Thursday, May 16, 2013

David Ortiz selling bats branded with his infamous quote for charity

Back on April 20, while addressing the crowd at Fenway Park's first home game after the Boston Marathon Bombing, Red Sox designated hitter David Ortiz delivered a memorable quote — emphasized with the now-famous words, "this is our f------ city!" And to help raise money for the One Fund Boston charity, Big Papi is using those same words to raise money for the victims of the attack by putting them on a baseball bat.

Ortiz's quick pregame speech in the midst of a Boston tribute that came in the wake of the Boston Marathon bombing made headlines when he used the F-word.

And now, anyone can buy a bat with that phrase emblazoned on the inside of the barrel available at big

If you prefer "Nobody's going to dictate our freedom" to the "this is our f------ city" quote, you have an option to pick the former. But it sounds like the cool thing will be choosing the R-rated version.

The Red Sox designated hitter announced that in conjunction with Marucci Sports he'll be selling customized bats, and 100 percent of the net proceeds will be donated to the One Fund Boston and other sources of victim support. 


  1. My wife says it's "tacky".....I think it's unbelievably GREAT. This proves once again, if people haven't already noticed, that David Ortiz is the consummate Red Sox guy. He can play on my team as long as he wants too, or can. I've been a sox fan since 1947, and with unselfish players like David Ortiz, I can't even imagine ever cheering any other team. Thanks David

  2. I've never been a Red Sox's fan, but I'm for great humanitarism and this prooves Big Papi is up there with the best. Go David!!! If only Clemente was here, to see this...

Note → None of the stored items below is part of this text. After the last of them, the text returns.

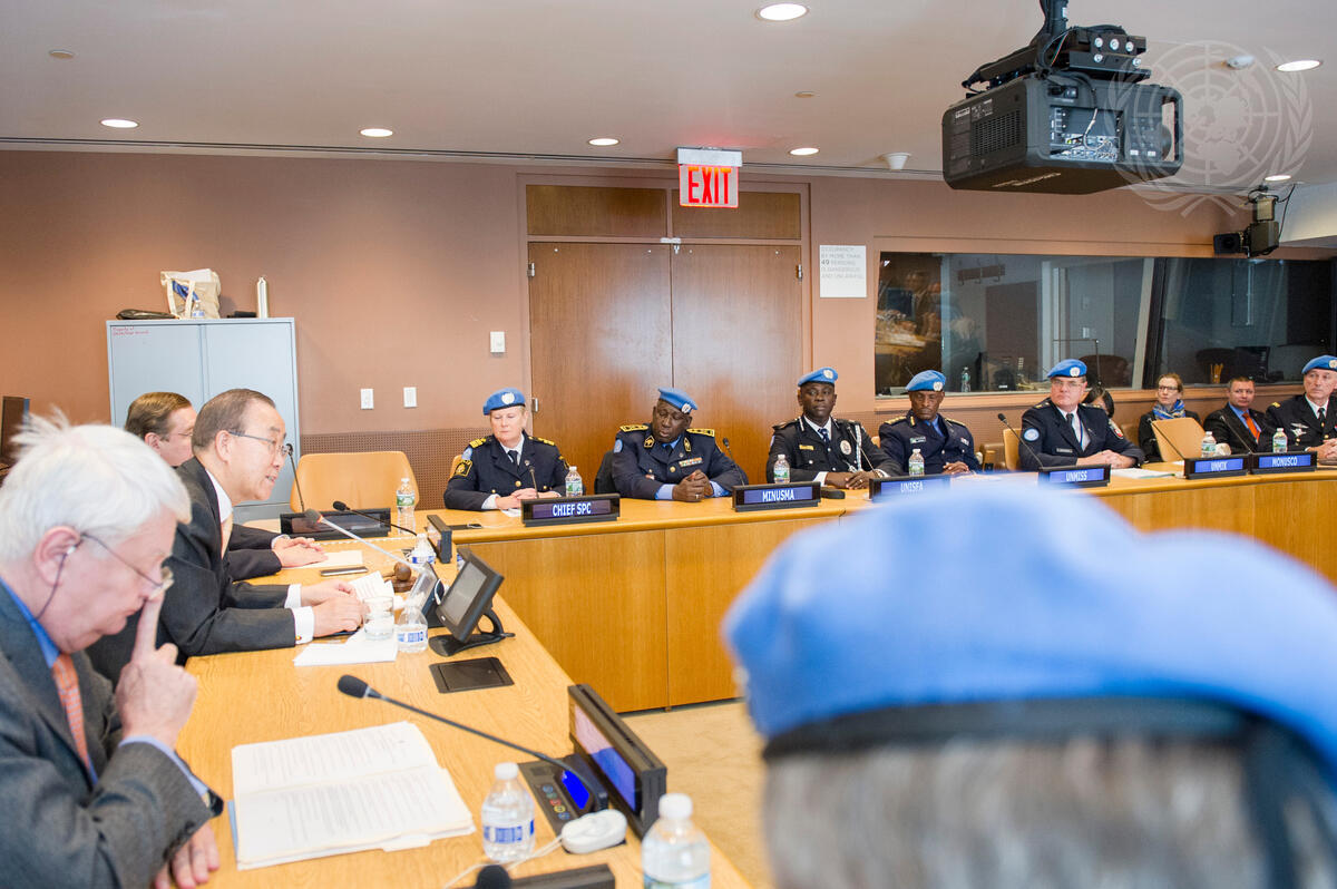 Secretary-General Ban Ki-moon (second from left) addresses the eleventh meeting of the Heads of the United Nations Police Components. Hervé Ladsous, United Nations Under-Secretary-General for Peacekeeping Operations is first from left.
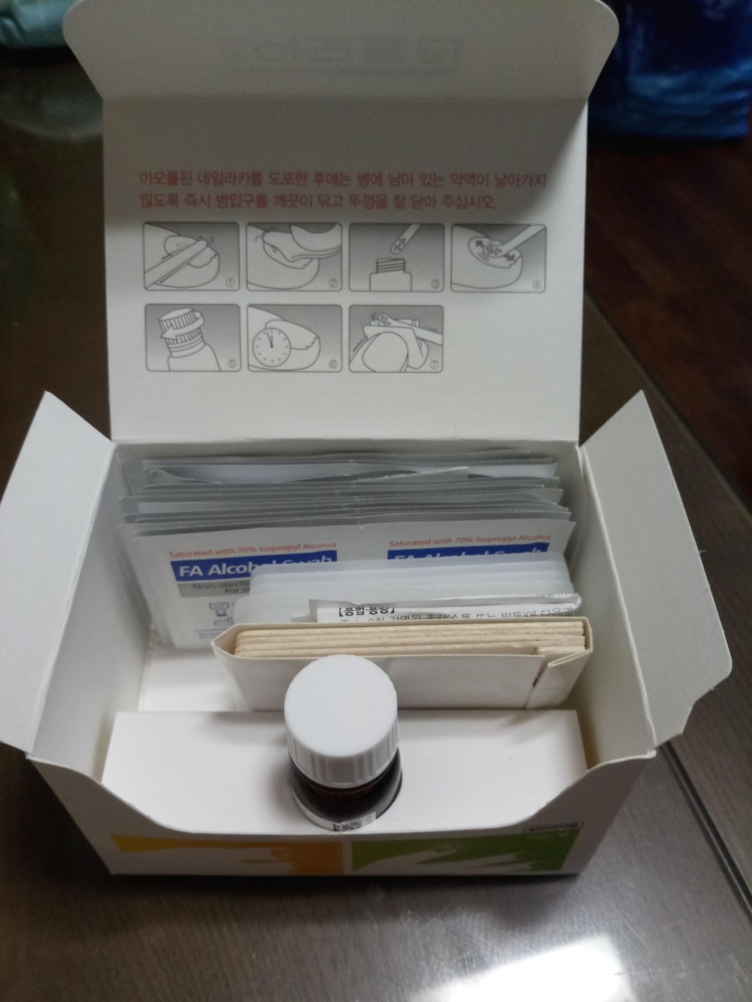 바르는 약 외에도 사포, 바르는 막대, 알코올 솜. 사용설명서
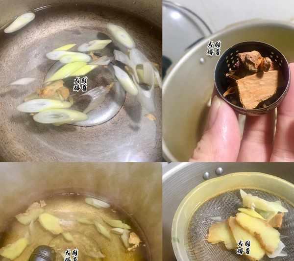 四、準備好高壓鍋加入適量清水,放入蔥段、薑片和料盒,煮四分鐘左右。湯汁有茶色時撈出蔥薑不用。
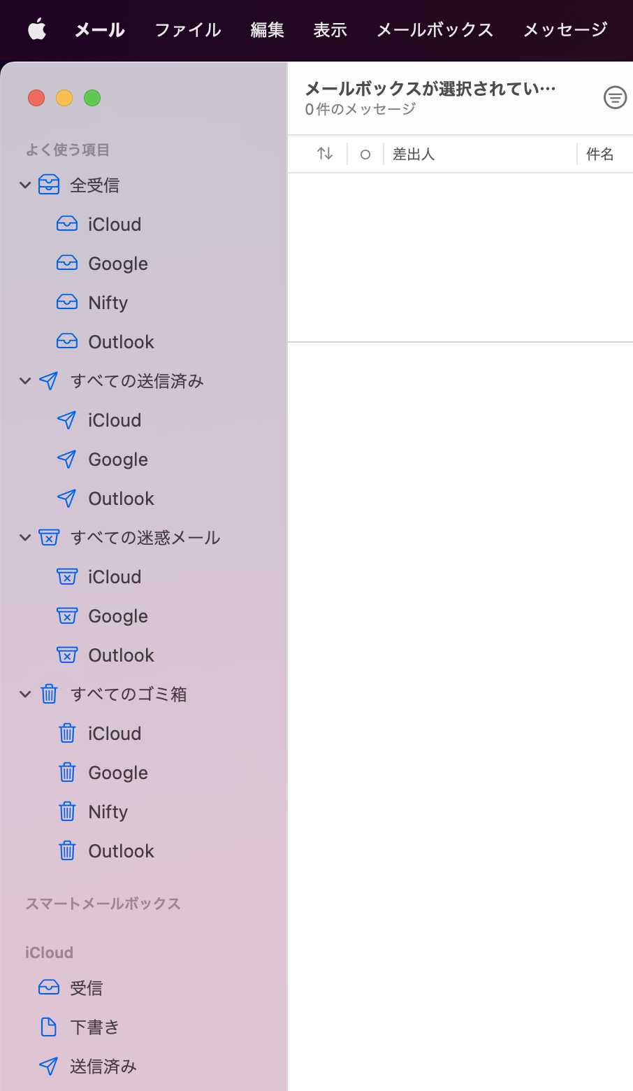※ ”アカウントを跨ってメールボックを並べ替える”ことはできません。
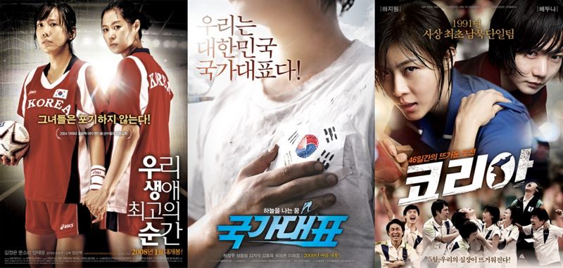 왼쪽부터 영화 <우리 생애 최고의 순간>, <국가대표>, <코리아> 공식 포스터. 각각 사진 씨네21, 다음 영화, 씨네21
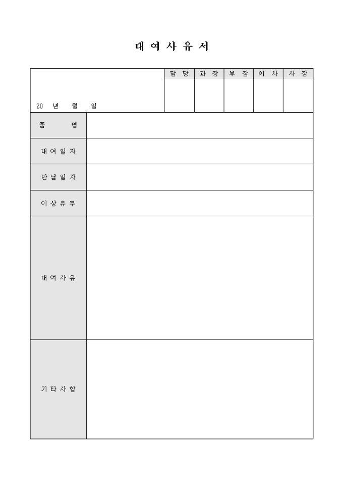 9,000원/월물품을 대여해 주고 대여일자, 반납일자, 대여사유, 특이사항 등을 기입할 수 있는 서식입니다.
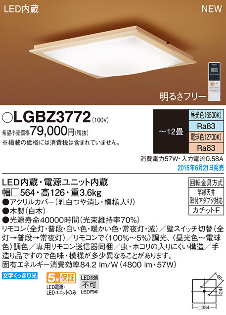 PANASONIC ¥Ñ¥Ê¥½¥Ë¥Ã¥¯ ¥·¡¼¥ê¥ó¥°¥é¥¤¥È LGBZ3772

  3. Although it seems a little rough to put on a bat you have to remember the moment it was said. I say go with it and don't take it out of context. It was the right message at that time.

  4. Just because he is doing this good thing, it doesn't take away from the fact that he is a baby on the field, complaining anytime a pitch comes inside and swearing like that in one of the only "family" sports left.